I understand that P(A) equates with P(br) and therefore relates to both induction and recovery from anesthesia. I also understand that uptake of anesthetic into the blood lowers P(A) which slows onset of induction. Why is this though? Don't you want the anesthetic to diffuse from the alveoli into the blood? How else can the anesthetic get to the L side of the heart and then be pumped systemically to its receptor sites in the brain?

Heres my understanding of it:

Yes you want the anesthetic to diffuse from the alveoli to the blood, but you also want it to diffuse from blood to the brain. The idea is that if an agent is more soluble in blood, it is less likely to diffuse into the brain (because it wants to stay in the blood). Leading to longer times for desired amount of anesthetic reaching the brain, and hence longer onset of induction.

Also, Miller talks about anesthetic uptake (loss) into pulmonary arterial blood. This seems backwards. Shouldn't the course of anesthetic go from alveoli to capillary interface to venule to pulmonary vein to L side of heart ----> systemic circulation? If it goes into the pulmonary arterial circulation won't it immediately be off-gassed? ie. artery-arteriole-cappillary-alveoli?

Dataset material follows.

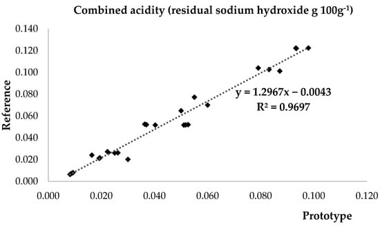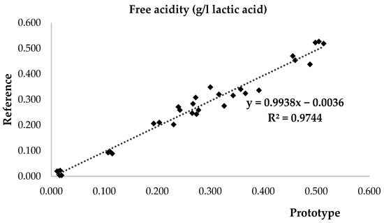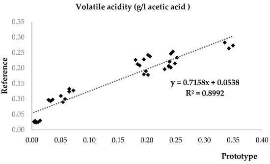 For volatile acidity expressed as acetic acid concentration (Figure 8), comparing the experimental method of the prototype and the reference method, the coefficient of determination of the linear regression curve is lower than that of the other analytes (0.899), with a mean deviation between the two methods of about 0.01 g/L.

The loss of the gas into the alveolar blood is the amount of gas needed for equilibrium, which must be reached before the gas is going more into the brain than blood (think LeChatlier's from udergrad chem).
It will not be off gassed once it goes into pulm art circulation because it is more soluble in the blood than gas (air).

 

[deleted9493]

Low CO causes a more rapid rise in FA/Fi and will tend to speed induction; this is why giving a beta blocker could theoretically speed an inhalational induction. To the OP, you can greatly simplify thinking about this by considering what is happening at the alveolar level. If FA goes up faster, induction is quickened. Soluble agents will be affected more significantly than insoluble (the insoluble agents will be fast, regardless of CO...again, think rapid rise in FA...they are insoluble in blood!).